■ Task requirements
With pictures left out, extract every line between the start of the records below and the line holding "女性らしい華奢なロゴ刺繍入り", inclusive.

### Records for this exercise ###

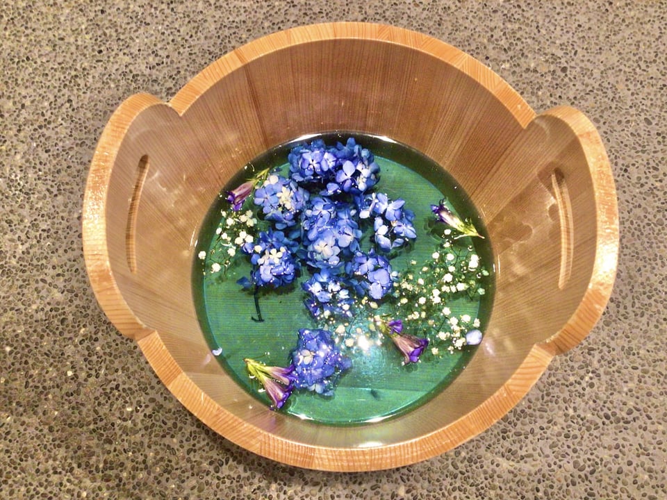 職人さんが一つひとつ手作りした木の桶には、そのお湯とお花とで鎌倉を象徴する海や空、紫陽花が表現されていて、何とも風雅です。
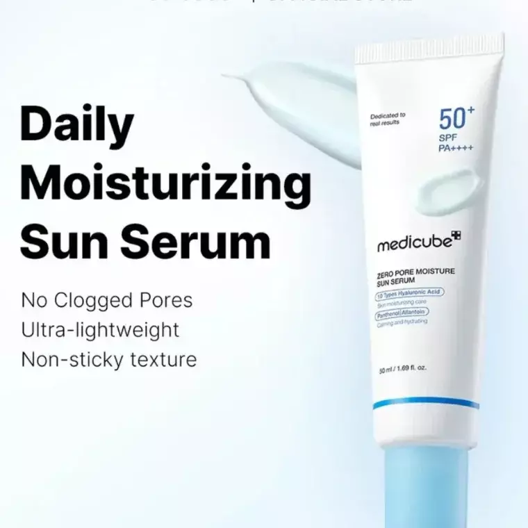 Medicube Zero Pore Moisture Sun Serum SPF50+ PA++++ is a high‑protection, lightweight sun serum designed to shield the skin from harmful UVA and UVB rays while delivering lasting hydration and pore‑refining benefits. This sunscreen blends broad‑spectrum sun protection with skincare properties to keep skin moisturized, smooth, and comfortable throughout the day.
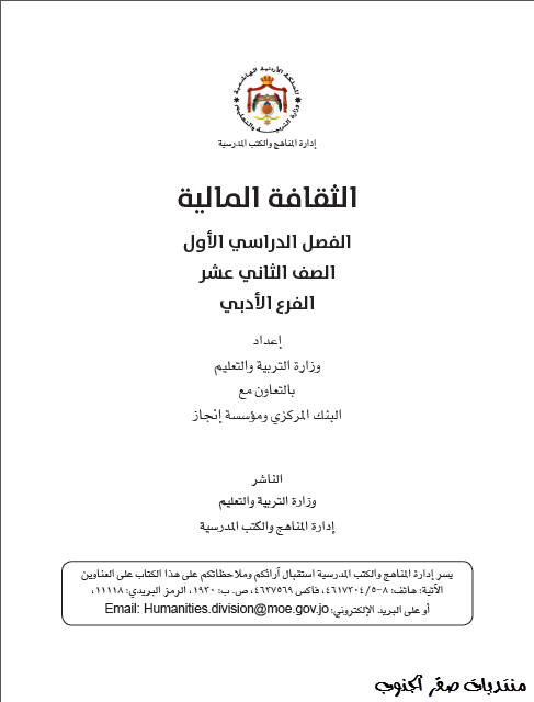 نسخة محوسبة من كتاب الطالب لمادة الثقافة المالية الصف الثاني عشر الفرع الادبي الفصل الاول 2021
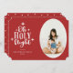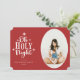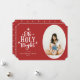 Whimsical typography, traditional holiday quote "Oh Holy Night", Christmas photo card. Card features festive red colour backgrounds, white text, oval photo frame for single photo on front, template text lines for name, year, message and family names.
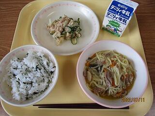 ● 減量ワカメごはん ● 焼豚ラーメン ● カリフラワーのサラダ ● 牛乳 でした。
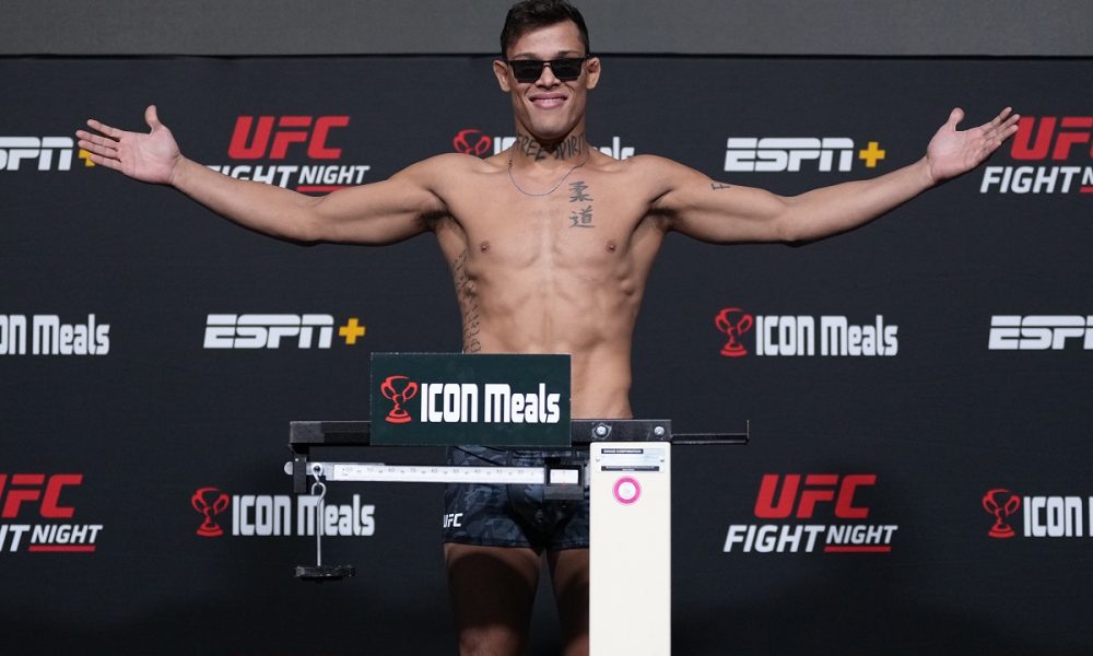 Oriundo do programa ‘Contender Series’, Caio Borralho faz sua estreia no UFC neste sábado, diante do russo Gadzhi Omargadzhiev. Na pesagem realizada nesta sexta-feira (15), em Las Vegas (EUA), o brasileiro e seu oponente cravaram o mesmo peso, 84,3 kg, e garantiram o duelo no card do show. De óculos escuros, o carismático maranhense não deixou o palco sem antes tirar alguns sorrisos dos jornalistas presentes ao replicar a comemoração e o bordão (Receba!) que ganhou fama internacional através dos vídeos publicados na internet pelo ‘Luva de Pedreiro’, personagem criado pelo baiano Iran Ferreira (veja abaixo ou clique aqui).
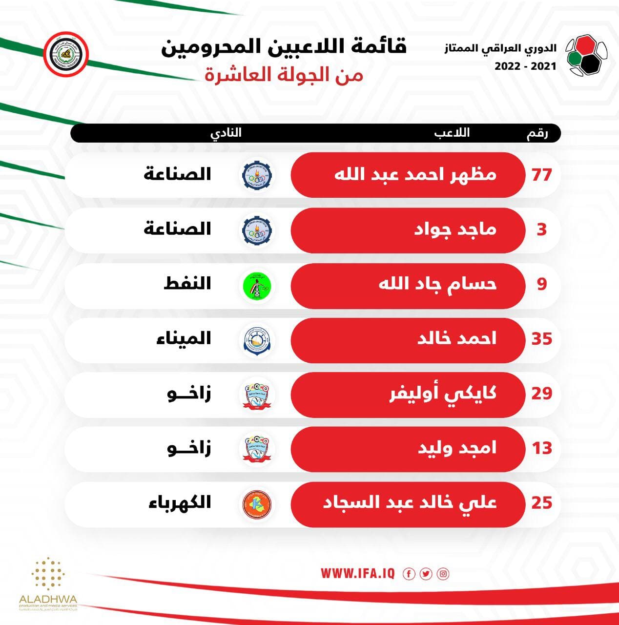 وسيغيب عن الجولة العاشرة من نادي الصناعة الثنائي مظهر حمد وماجد جواد، كما سيفقد نادي النفط لاعبه حسام جاد الله.
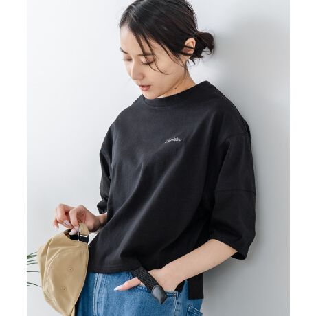 女性らしい華奢なロゴ刺繍入り!ワイドあわせにぴったりな絶妙ショート丈Tシャツです。
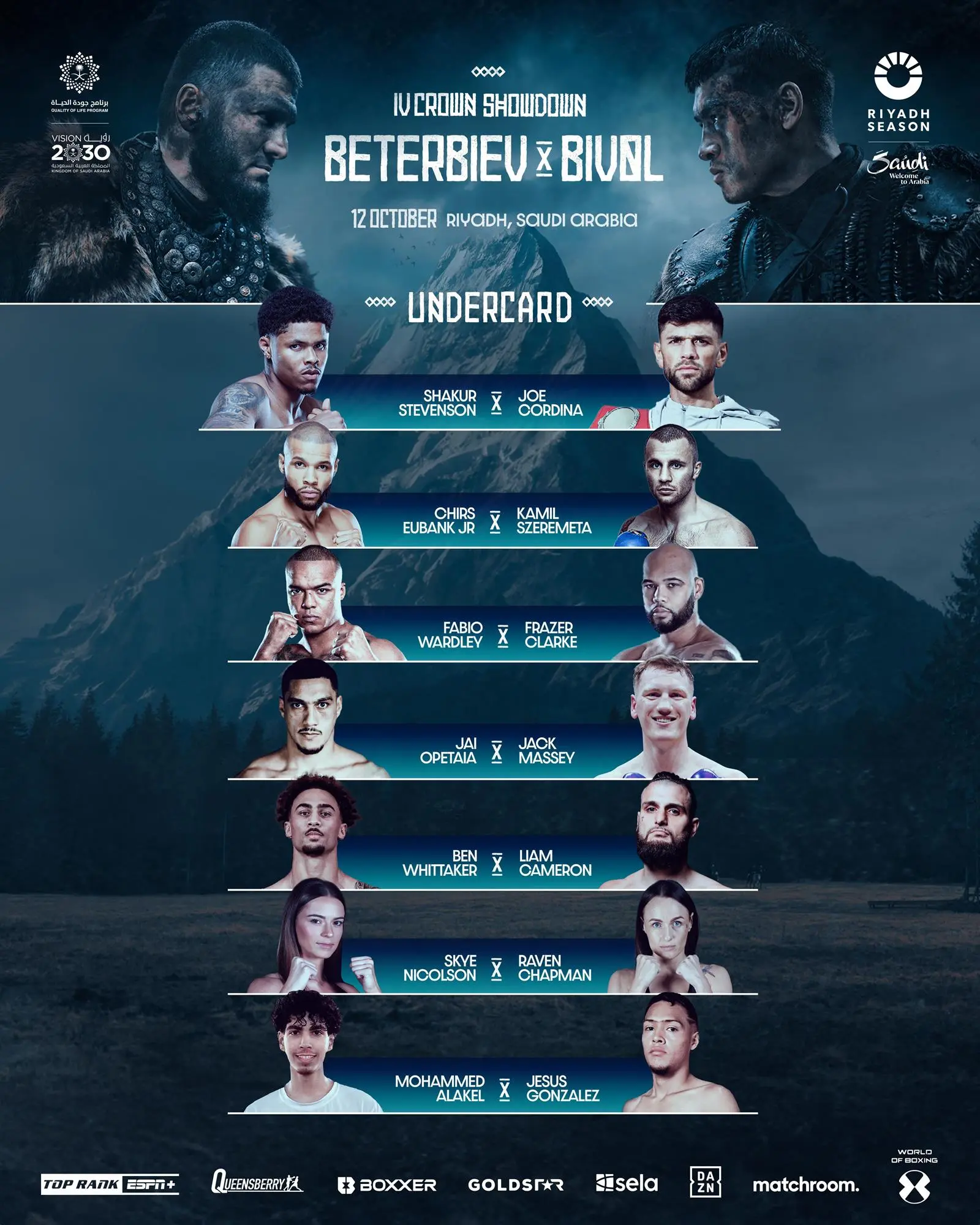 ويشهد الحدث سلسلة من النزالات المثيرة، إلى جانب هذا النزال الرئيسي الذي تضم نخبة من الأبطال العالميين في مختلف الأوزان في وزن السوبر فيذر (وزن الريشة الممتاز)، سيواجه الأمريكي شاكور ستيفنسون مع الويلزي جوكوردينا، وفي وزن المتوسط، يتحدى البريطاني كريس يوبانك جونيور صاحب الـ18 ضربة قاضية، البولندي كاميل سزيريميتا، في مواجهة تعد بالكثير من الإثارة.
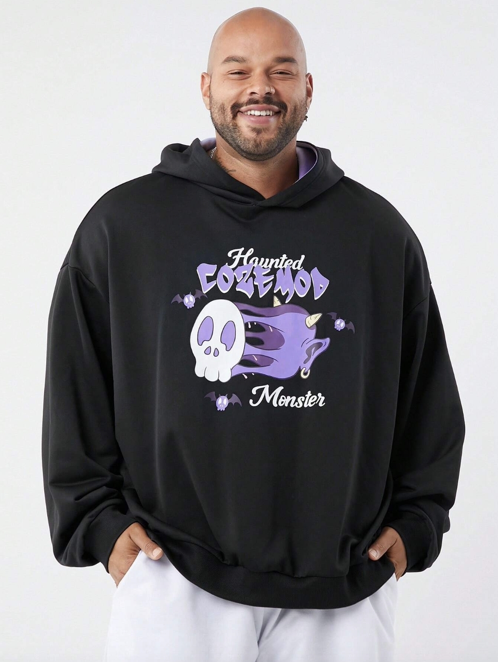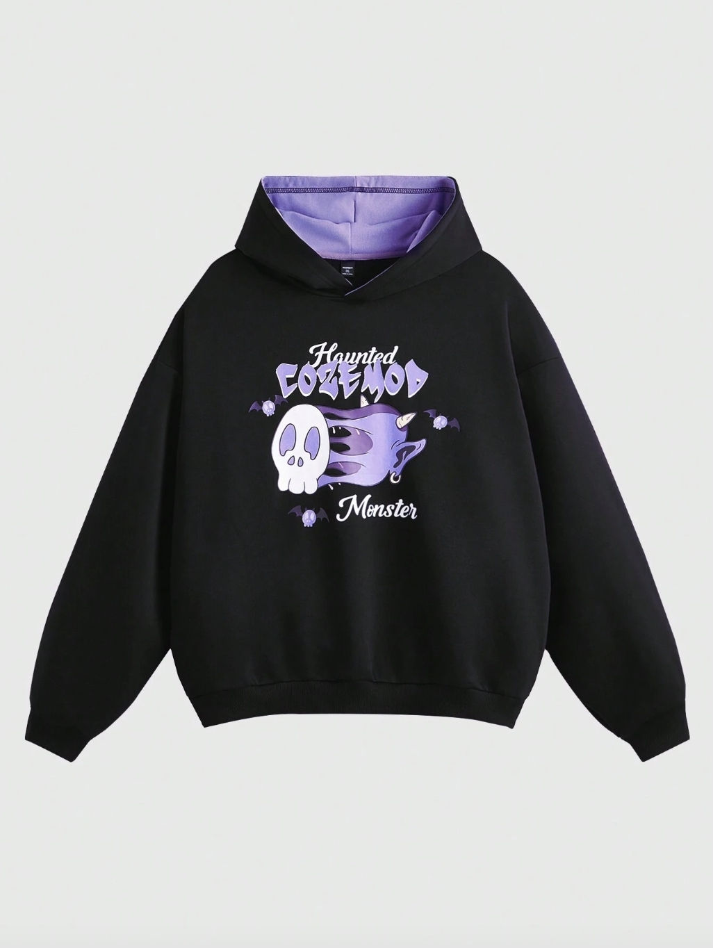 ■ 顏色 : 黑紫印花長袖帽TEE
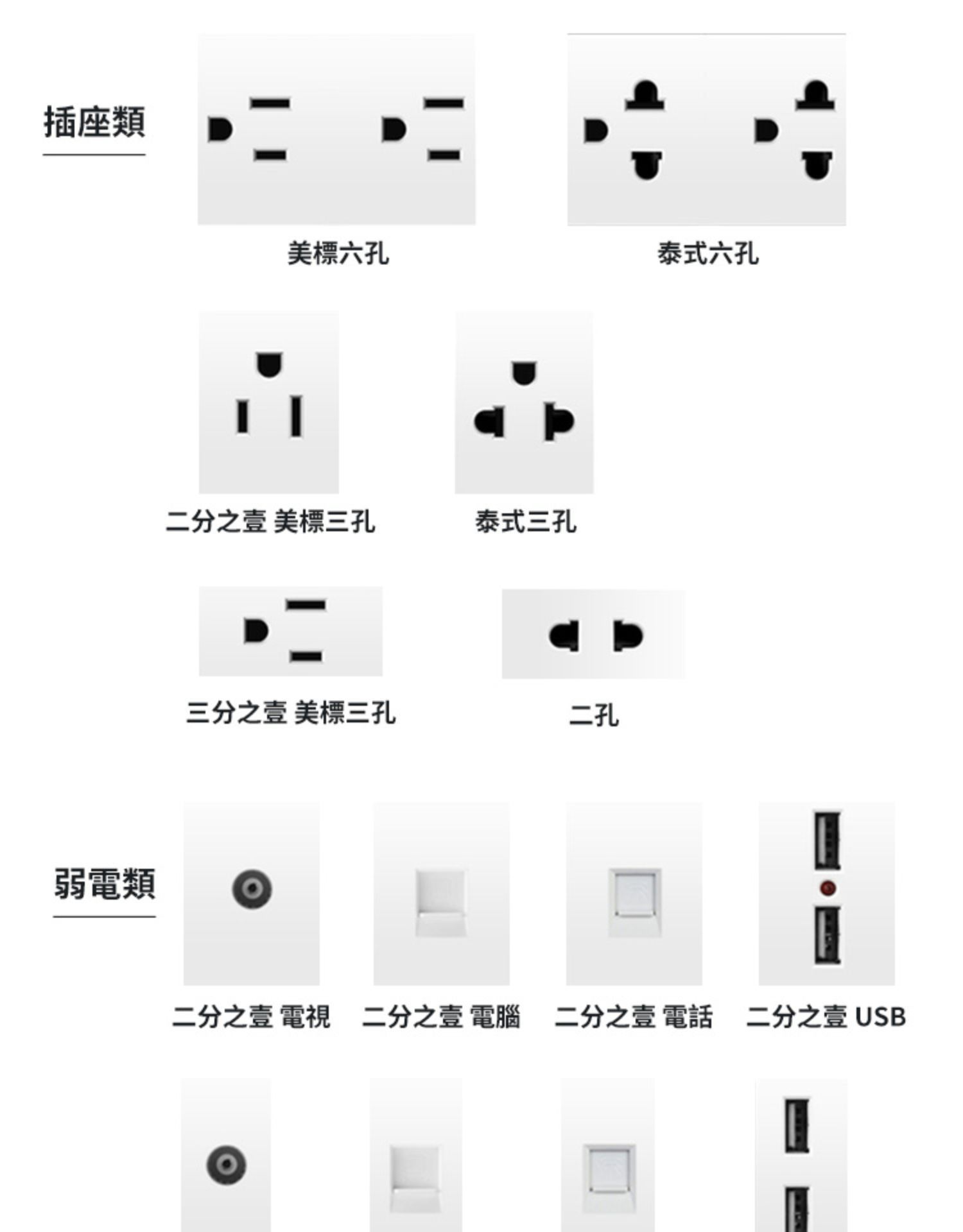 ModeloSeis hoyos americanos,USB americano del seis-agujero,USB + tres agujeros,Conector USB único,Americano de tres agujeros,Tecla de encendido (indicador LED),Llave de dos interruptores (luz indicadora LED),Llave de tres interruptores (luz indicadora LED),Cuatro llaves (luz indicadora del LED),Tecla de piano abierta (indicador LED) + tres agujeros,Palanca abierta con LED,Palanca dos-abierta con LED,Palanca de tres abierto con LED,Control único de un solo interruptor,Dos-control único abierto,Tres-control único abierto,Un doble corte abierto,Dos de doble corte abierto,Tres doble corte abierto,Cuatro doble corte abierto,Corte doble de cinco cortes,De seis cortes de doble corte,Un agujero y tres agujeros,Americana dividir seis agujeros,Estilo americano de Seis hoyos,Americano de nueve hoyos,Uno abierto + cuatro agujeros,3-bit 2-agujero,Dos abiertos + tres agujeros americanos,Dos agujeros abiertos + 2,Toma de antena de TV,Toma de teléfono,Zócalo del cable de la red,TV + teléfono,TV + cable de red,TV + tres agujeros americanos,Teléfono + tres agujeros americanos,Cable DE LA RED + tres-agujero americano,Teléfono + cable de red,Enchufe doble del cable de la red,Enchufe de teléfono Doble,Panel en blanco,Caja inferior de montaje abierto,Caja inferior oculta,Caja impermeable,Zócalo del aire frío 20A,Americano de seis agujeros [USB + Typec] 2.1A

###

■ Response to this task
 職人さんが一つひとつ手作りした木の桶には、そのお湯とお花とで鎌倉を象徴する海や空、紫陽花が表現されていて、何とも風雅です。
 Medicube Zero Pore Moisture Sun Serum SPF50+ PA++++ is a high‑protection, lightweight sun serum designed to shield the skin from harmful UVA and UVB rays while delivering lasting hydration and pore‑refining benefits. This sunscreen blends broad‑spectrum sun protection with skincare properties to keep skin moisturized, smooth, and comfortable throughout the day.
 نسخة محوسبة من كتاب الطالب لمادة الثقافة المالية الصف الثاني عشر الفرع الادبي الفصل الاول 2021
 Whimsical typography, traditional holiday quote "Oh Holy Night", Christmas photo card. Card features festive red colour backgrounds, white text, oval photo frame for single photo on front, template text lines for name, year, message and family names.
 ● 減量ワカメごはん ● 焼豚ラーメン ● カリフラワーのサラダ ● 牛乳 でした。
 Oriundo do programa ‘Contender Series’, Caio Borralho faz sua estreia no UFC neste sábado, diante do russo Gadzhi Omargadzhiev. Na pesagem realizada nesta sexta-feira (15), em Las Vegas (EUA), o brasileiro e seu oponente cravaram o mesmo peso, 84,3 kg, e garantiram o duelo no card do show. De óculos escuros, o carismático maranhense não deixou o palco sem antes tirar alguns sorrisos dos jornalistas presentes ao replicar a comemoração e o bordão (Receba!) que ganhou fama internacional através dos vídeos publicados na internet pelo ‘Luva de Pedreiro’, personagem criado pelo baiano Iran Ferreira (veja abaixo ou clique aqui).
 وسيغيب عن الجولة العاشرة من نادي الصناعة الثنائي مظهر حمد وماجد جواد، كما سيفقد نادي النفط لاعبه حسام جاد الله.
 女性らしい華奢なロゴ刺繍入り!ワイドあわせにぴったりな絶妙ショート丈Tシャツです。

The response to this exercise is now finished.